“The tempest in my mind/Doth from my senses take all feeling”

Jan 08, 2006 21:09

I feel disconnected.
I can't sleep because I've slept too much this past five days.
I can't stop this tumult in my head.  It seems as if the floodgates of chaos have opened.
I don't know why it is happening. 
I should have guessed though.
I've been doing little to occupy myself bar watching dvds, and sleeping.  Lots of Sleeping.
The house has been a mess for weeks,  I do the minimum to clean up then leave the rest to accumulate.
I feel as if I have lost myself again.  My grounding.

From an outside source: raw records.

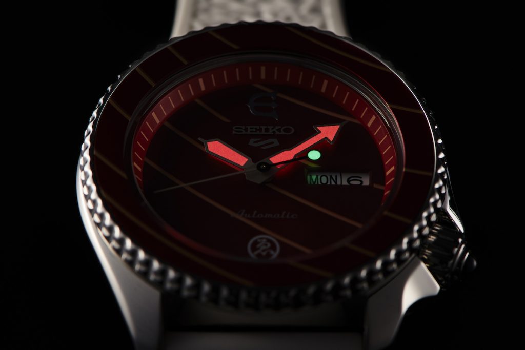 面盤上帶有夜光的時分針和秒針,在黑暗中發出的亮光也特別採用了鮪魚刺身和芥末的紅綠配色,使得整只腕錶從頭到尾都充滿了設計及玩心意味。
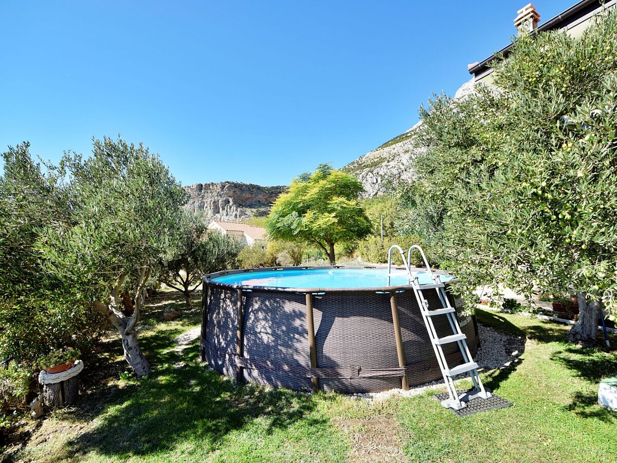 A usage privé: terrain 800 m2, jardin avec pelouse 100 m2, piscine (hors sol) ronde (4.9 m diamètre, profondeur 120 cm, disponibilité saisonnière: 01.Mai.
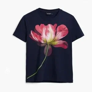 Desigual Damen Navy Tee with Pink Floral Print NWT Size S
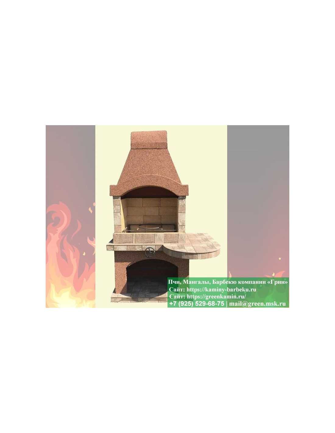 - Выполнена из огнеупорного кирпича и армированного бетона. Снизу предусмотрено место для дров;
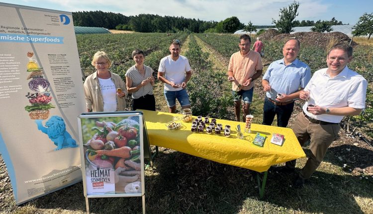 „Mit unserer saisonalen Serie ,Heimat schmecken‘ möchten wir nicht nur auf die vielen Bezugsquellen für regionale Produkte aufmerksam machen, sondern auch Ernährungstipps und Rezeptideen an die Hand geben“, ergänzte Andrea Denzinger, Regionalmanagerin am Landratsamt Ansbach. Die Heidelbeere passt dabei perfekt ins Konzept, denn sie kann feldfrisch gepflückt und entweder direkt als Snack genossen oder zum Beispiel in Joghurts oder Gebäck weiterverarbeitet werden. Wertvolle Inhaltsstoffe sind dabei neben Vitaminen auch die Anthocyane, blauviolette Pflanzenfarbstoffe, die zellschützend wirken. „Reif geerntete Beeren sind dabei besonders reich an Inhaltsstoffen“, erklärte Uta Toellner vom VerbaucherService Bayern im Katholischen Deutschen Frauenbund. Im Gegensatz zu exotischem Superfood wie etwa Gojibeere oder Matcha brauchten regionale Lebensmittel auf dem Weg zum Verbraucher deutlich weniger Verarbeitungsschritte. Dies verringere das Risiko von Schadstoffbelastungen und Verunreinigungen.

The questions that echo through most things in life:
Who are you? What do you want? Where are you going? Who do you Serve? Who do you Trust?

I feel very much lost and adrift in the sea of life.  I can't see myself fulfilling any more dreams.
The older I become the more apathy sets in.
I feel very out of touch with the majority if not all my friends.  I feel that I have concealed myself behind work, behind mouthing off opinions on life.  I doubt if any of you know of my true dreams.  It's my own fault I know.  Just with each sunset I seem to be falling further and further away from society and finding it easier to put on the masque and pretend to be something, someone else.

So little willpower.  I disgust myself.
But no matter.  Perhaps this solilquy will help me to sleep after a gasper.